Rocks ranging from Precambrian (2.7 billion years) to Quaternary age are present within the Project vicinity, except for the Ordovician, Silurian, and Devonian representatives. The oldest lithologies consist of crystalline basement rock which intruded sediments up to 25,000 feet thick associated with the Beltian Geosyncline over several separate geologic events (Bennett and Aalto 1982).

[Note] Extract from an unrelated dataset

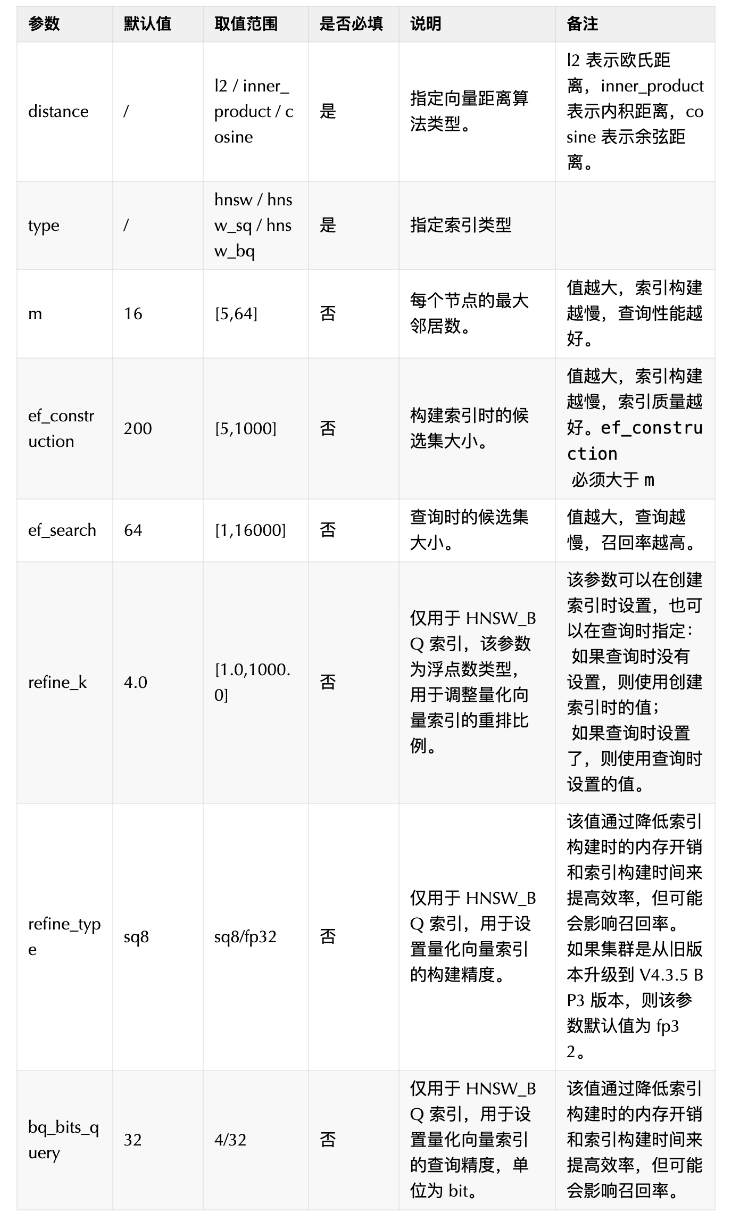 索引构建,查询参数按照单分区内的最大数据量来设定,对于 HNSW / HNSWSQ / HNSWBQ 索引请参考 3.1.1 节,对于 IVF / IVFPQ 索引请参考 3.2.1 节。例如对于 HNSWBQ 索引,1 亿向量,采用 10 分区,那么可以设置 m = 32,ef_construct = 400,查询 top100 是设置查询参数为 ef_search=1000,refine_k = 10。

Between early-Oligocene and middle-Pliocene, tremendous amounts of tuffaceous material were extruded from western provinces (notably the present-day Yellowstone National Park region), resulting in surface layers at least several hundred feet thick throughout Carbon County. Much of this deposited material was removed due to latePliocene uplift, which, coupled with quiescence of volcanism, allowed for rapid excavation during the Pleistocene so that now, in many cases, high-level remnants are the only reminders of what had once been an almost continuous blanket of volcanic fall-out debris. The closest intrusive rocks of Tertiary age are approximately 40 miles northwest of Seminoe Dam in the Rattlesnake Range (Bennett and Aalto 1982).